For those considering an escape to a less-unfriendly business climate such as Australia's, an important caveat: the Australian dollar is very expensive and the U.S. dollar is very cheap. Selling here to move there is therefore an extremely expensive proposition.
The above chart compares the Aussie dollar exchange rate to my calculation of its Purchasing Power Parity with the US dollar. (PPP is the exchange rate that would cause US visitors to Australia, and Aussie visitors to the US, to conclude that most prices in the two countries were roughly the same.) I estimate that the PPP exchange rate today is about 0.66 dollars per Aussie dollar. But since the current exchange rate is 1.04, that implies that, from the point of view of a U.S. expat or a U.S. tourist, the average price level in Australia is more than 50% higher than in the U.S. Ouch. Moreover, the Aussie dollar has almost never been so strong. Lots of things are going to have to continue to go right for the Aussie dollar to remain at these lofty levels.

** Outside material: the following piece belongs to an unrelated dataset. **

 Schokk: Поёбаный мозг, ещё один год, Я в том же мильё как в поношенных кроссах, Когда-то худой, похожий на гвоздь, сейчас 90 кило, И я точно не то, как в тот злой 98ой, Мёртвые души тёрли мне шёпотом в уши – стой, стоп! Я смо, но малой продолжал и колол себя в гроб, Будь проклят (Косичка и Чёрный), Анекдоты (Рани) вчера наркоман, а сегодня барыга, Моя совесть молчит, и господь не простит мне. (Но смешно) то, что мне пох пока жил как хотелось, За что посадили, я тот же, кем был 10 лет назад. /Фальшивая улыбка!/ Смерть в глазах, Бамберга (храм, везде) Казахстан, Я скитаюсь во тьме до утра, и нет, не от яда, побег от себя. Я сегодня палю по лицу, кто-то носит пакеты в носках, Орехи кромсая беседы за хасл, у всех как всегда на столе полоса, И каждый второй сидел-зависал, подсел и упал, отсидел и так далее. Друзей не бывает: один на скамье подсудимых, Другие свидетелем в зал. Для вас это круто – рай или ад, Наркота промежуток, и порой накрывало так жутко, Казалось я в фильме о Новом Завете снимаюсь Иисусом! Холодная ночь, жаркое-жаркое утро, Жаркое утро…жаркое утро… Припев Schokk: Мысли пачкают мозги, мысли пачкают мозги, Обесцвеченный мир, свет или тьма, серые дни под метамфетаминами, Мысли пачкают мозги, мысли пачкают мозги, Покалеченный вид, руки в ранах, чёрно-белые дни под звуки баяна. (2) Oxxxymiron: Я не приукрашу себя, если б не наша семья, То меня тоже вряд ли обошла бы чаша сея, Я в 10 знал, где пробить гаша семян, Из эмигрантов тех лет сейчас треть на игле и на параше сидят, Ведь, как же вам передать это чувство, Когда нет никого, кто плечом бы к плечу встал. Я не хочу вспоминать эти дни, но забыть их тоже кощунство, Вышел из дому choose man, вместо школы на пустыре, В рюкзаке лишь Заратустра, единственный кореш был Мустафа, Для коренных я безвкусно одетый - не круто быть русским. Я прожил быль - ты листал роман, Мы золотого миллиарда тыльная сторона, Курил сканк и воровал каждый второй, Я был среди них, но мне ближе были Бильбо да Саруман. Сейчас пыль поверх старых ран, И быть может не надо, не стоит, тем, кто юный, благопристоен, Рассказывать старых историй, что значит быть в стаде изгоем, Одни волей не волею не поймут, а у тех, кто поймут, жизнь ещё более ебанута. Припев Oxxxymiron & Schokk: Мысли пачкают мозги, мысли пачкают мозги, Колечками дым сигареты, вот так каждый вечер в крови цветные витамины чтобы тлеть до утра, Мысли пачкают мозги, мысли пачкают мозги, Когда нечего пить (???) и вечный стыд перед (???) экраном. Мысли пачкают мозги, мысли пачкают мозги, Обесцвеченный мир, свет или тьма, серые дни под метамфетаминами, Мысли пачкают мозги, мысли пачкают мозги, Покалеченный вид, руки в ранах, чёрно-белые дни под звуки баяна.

This next chart of spot commodity prices suggests that a big reason the Aussie dollar is so strong is that commodity prices—commodities are Australia's major export—are very strong. There is a very strong tendency for the Aussie/US exchange rate to track changes in commodity prices. Rising commodity prices bring a flood of new money into the Australian economy, and that tends to bid up the value of the Aussie dollar.

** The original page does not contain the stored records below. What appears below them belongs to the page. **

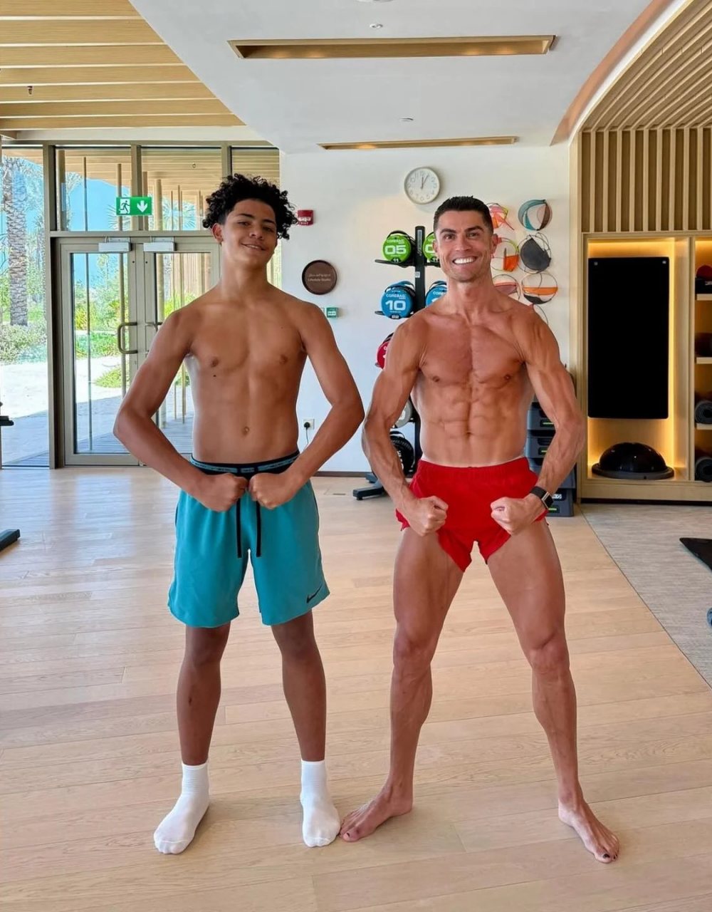 Ở tuổi 14, con trai cả của Ronaldo đã đạt chiều cao tương đương ông bố nổi tiếng toàn thế giới (1,87 m).
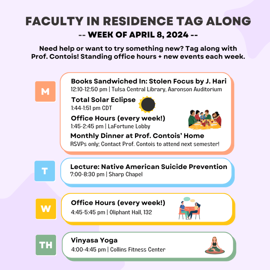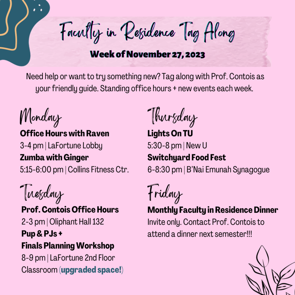During this past year, I lived in LaFortune, so I had Faculty in Residence right there! It was nice to interact with Professor Contois and her family. I participated in the Faculty Dinner, a finals workshop, many office hours in LaFortune, along with many Pups and PJs. Throughout these events, I managed to meet and learn from many other students here at TU, along with good tips that will follow me throughout college.
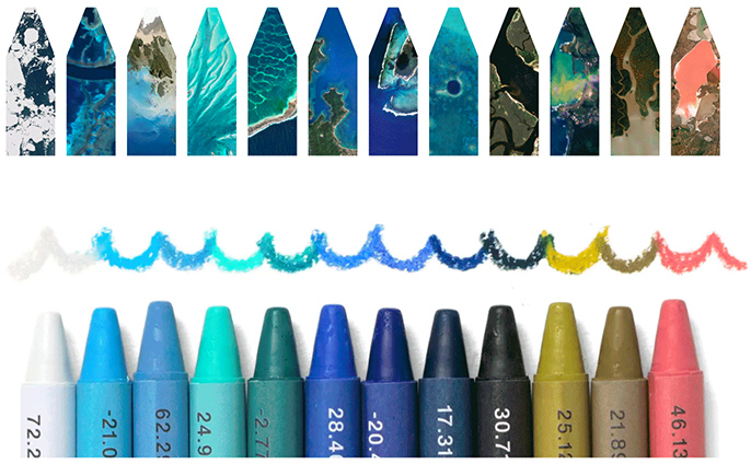 地球の「色」を知り、地球の「色」で遊び、地球をもっと「好き」になってもらうため、宇宙から撮影した地球の色から作られた「海のクレヨン」(スカパーJSAT)
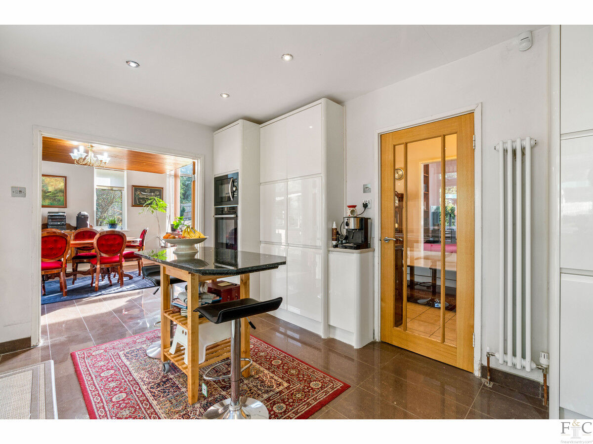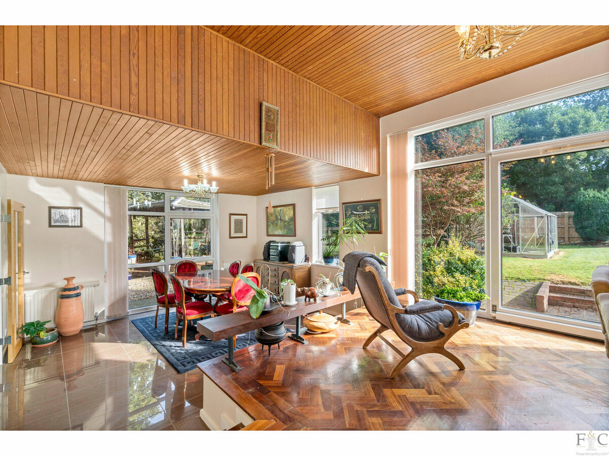 The split level sitting/dining room to the rear of the house is full of light, with floor to ceiling windows and patio doors looking onto the garden. This space stretches across the whole length of the property, giving great potential for entertaining or simply losing oneself in the peaceful atmosphere whilst being inspired by the view outside. There is plenty of room for the largest of dining tables – and with access directly into the kitchen it is a really practical, well used space. Up a couple of steps is the sitting area with its beautiful parquet flooring. There is a lovely, calm feeling to this space, with greenery seen through every window, it brings that lovely idea of the outdoors, indoors to life.
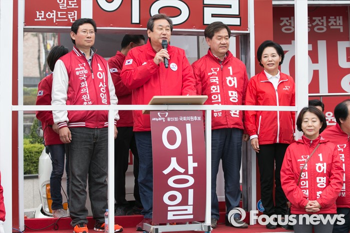 (용인=포커스뉴스) 제20대 국회의원 선거를 나흘 앞둔 9일 오후 경기도 용인시 기흥구 죽현마을 중앙공원에서 김무성(왼쪽 두번째) 새누리당 대표가 이상일(왼쪽) 용인정, 허명환(왼쪽 세번째) 용인을 후보 지원유세를 하고 있다.
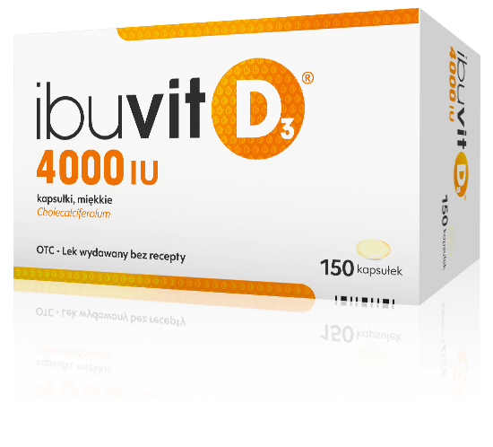 Ibuvit D3 4000 IU. Skład i postać: Każda kapsułka zawiera 100 mikrogramów (4000 IU) cholekalcyferolu (witaminy D3). Kapsułka, miękka. Jasnożółte, owalne miękkie kapsułki (krótsza średnica ok. 7 mm) ze szwem pośrodku, wypełnione jasnożółtym, oleistym płynem. Wskazania: Profilaktyka niedoboru witaminy D i stanów wynikających z niedoboru witaminy D (np. osteomalacja, osteoporoza) u dorosłych z otyłością [wskaźnik masy ciała (ang. body mass index, BMI) ≥ 30]. Podmiot odpowiedzialny: Zakłady Farmaceutyczne Polpharma S.A. ChPL: 2023.06.16.

As this chart of the real, trade-weighted value of the dollar shows, the US dollar has almost never been so weak. It's not hard to understand why: monetary policy is extremely accommodative, the U.S. economy has never experienced a weaker, more disappointing recovery, federal deficits are extraordinarily large, entitlement programs are long overdue for reform, and regulatory burdens are very high and rising (e.g., ObamaCare). In contrast to conditions in Australia, lots of things need to continue to go wrong in the U.S. economy for the dollar to remain this weak.
For the time being, leaving the US for greener pastures overseas is in general a very expensive proposition.